▸ **Aim of the exercise**
What must be handed in is the entire listing, exactly as written, with no pictures.

-- Recorded information follows --

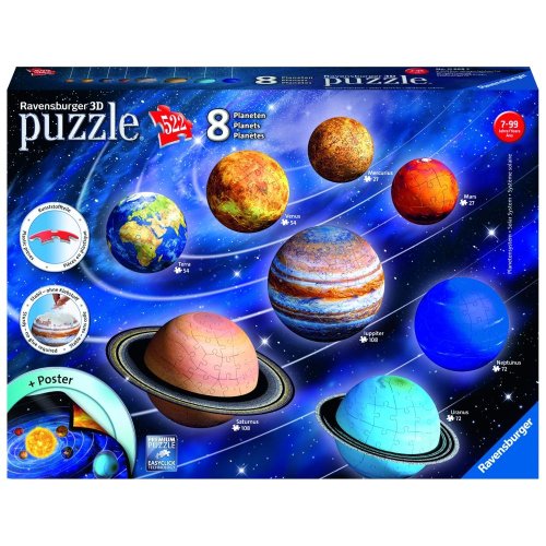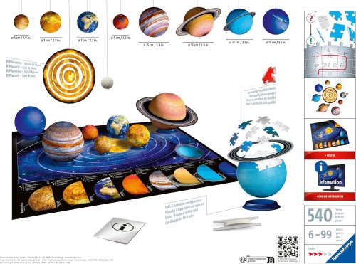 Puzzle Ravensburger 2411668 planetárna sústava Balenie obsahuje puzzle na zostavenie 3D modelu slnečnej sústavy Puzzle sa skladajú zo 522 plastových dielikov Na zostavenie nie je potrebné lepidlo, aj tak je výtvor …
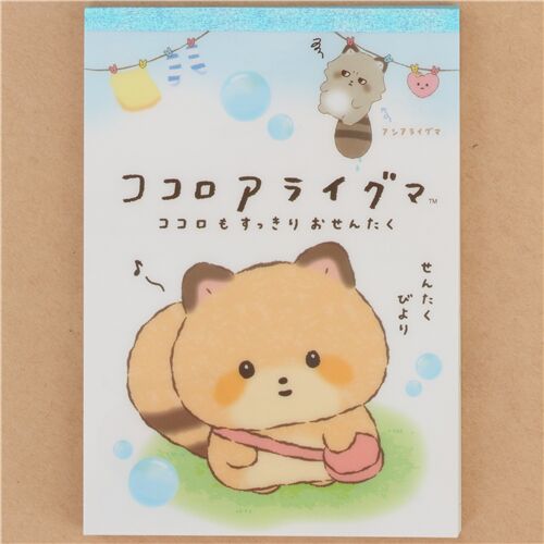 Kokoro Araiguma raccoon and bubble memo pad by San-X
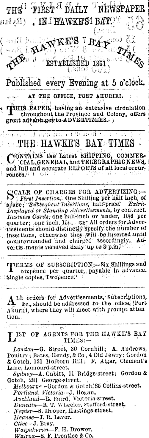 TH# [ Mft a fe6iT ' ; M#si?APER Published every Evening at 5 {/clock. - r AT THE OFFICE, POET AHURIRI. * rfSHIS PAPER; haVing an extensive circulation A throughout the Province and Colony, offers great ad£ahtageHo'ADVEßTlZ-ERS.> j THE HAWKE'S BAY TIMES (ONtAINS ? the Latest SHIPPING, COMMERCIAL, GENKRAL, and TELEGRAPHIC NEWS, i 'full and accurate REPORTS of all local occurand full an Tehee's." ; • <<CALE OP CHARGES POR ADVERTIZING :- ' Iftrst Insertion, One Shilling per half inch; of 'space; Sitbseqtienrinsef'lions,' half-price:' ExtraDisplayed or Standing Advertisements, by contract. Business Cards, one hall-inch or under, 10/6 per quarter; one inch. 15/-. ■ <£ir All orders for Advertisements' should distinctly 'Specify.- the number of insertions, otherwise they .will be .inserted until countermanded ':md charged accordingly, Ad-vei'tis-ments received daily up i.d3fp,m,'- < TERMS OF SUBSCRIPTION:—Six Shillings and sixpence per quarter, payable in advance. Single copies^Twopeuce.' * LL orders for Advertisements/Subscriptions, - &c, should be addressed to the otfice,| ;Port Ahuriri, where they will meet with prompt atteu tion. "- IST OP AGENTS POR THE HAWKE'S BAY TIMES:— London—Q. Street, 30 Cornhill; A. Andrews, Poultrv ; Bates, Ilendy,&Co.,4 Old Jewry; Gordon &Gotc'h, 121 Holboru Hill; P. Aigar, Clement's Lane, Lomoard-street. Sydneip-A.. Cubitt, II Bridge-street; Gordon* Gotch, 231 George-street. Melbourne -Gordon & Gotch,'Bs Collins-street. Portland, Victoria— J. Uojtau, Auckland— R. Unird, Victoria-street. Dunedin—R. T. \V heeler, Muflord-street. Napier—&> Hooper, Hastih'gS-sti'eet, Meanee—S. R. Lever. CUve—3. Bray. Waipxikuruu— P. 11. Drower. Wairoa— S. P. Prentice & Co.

-- Recorded information concluded --

▸ **Reply**
 Puzzle Ravensburger 2411668 planetárna sústava Balenie obsahuje puzzle na zostavenie 3D modelu slnečnej sústavy Puzzle sa skladajú zo 522 plastových dielikov Na zostavenie nie je potrebné lepidlo, aj tak je výtvor …
 Kokoro Araiguma raccoon and bubble memo pad by San-X
 TH# [ Mft a fe6iT ' ; M#si?APER Published every Evening at 5 {/clock. - r AT THE OFFICE, POET AHURIRI. * rfSHIS PAPER; haVing an extensive circulation A throughout the Province and Colony, offers great ad£ahtageHo'ADVEßTlZ-ERS.> j THE HAWKE'S BAY TIMES (ONtAINS ? the Latest SHIPPING, COMMERCIAL, GENKRAL, and TELEGRAPHIC NEWS, i 'full and accurate REPORTS of all local occurand full an Tehee's." ; • <<CALE OP CHARGES POR ADVERTIZING :- ' Iftrst Insertion, One Shilling per half inch; of 'space; Sitbseqtienrinsef'lions,' half-price:' ExtraDisplayed or Standing Advertisements, by contract. Business Cards, one hall-inch or under, 10/6 per quarter; one inch. 15/-. ■ <£ir All orders for Advertisements' should distinctly 'Specify.- the number of insertions, otherwise they .will be .inserted until countermanded ':md charged accordingly, Ad-vei'tis-ments received daily up i.d3fp,m,'- < TERMS OF SUBSCRIPTION:—Six Shillings and sixpence per quarter, payable in advance. Single copies^Twopeuce.' * LL orders for Advertisements/Subscriptions, - &c, should be addressed to the otfice,| ;Port Ahuriri, where they will meet with prompt atteu tion. "- IST OP AGENTS POR THE HAWKE'S BAY TIMES:— London—Q. Street, 30 Cornhill; A. Andrews, Poultrv ; Bates, Ilendy,&Co.,4 Old Jewry; Gordon &Gotc'h, 121 Holboru Hill; P. Aigar, Clement's Lane, Lomoard-street. Sydneip-A.. Cubitt, II Bridge-street; Gordon* Gotch, 231 George-street. Melbourne -Gordon & Gotch,'Bs Collins-street. Portland, Victoria— J. Uojtau, Auckland— R. Unird, Victoria-street. Dunedin—R. T. \V heeler, Muflord-street. Napier—&> Hooper, Hastih'gS-sti'eet, Meanee—S. R. Lever. CUve—3. Bray. Waipxikuruu— P. 11. Drower. Wairoa— S. P. Prentice & Co.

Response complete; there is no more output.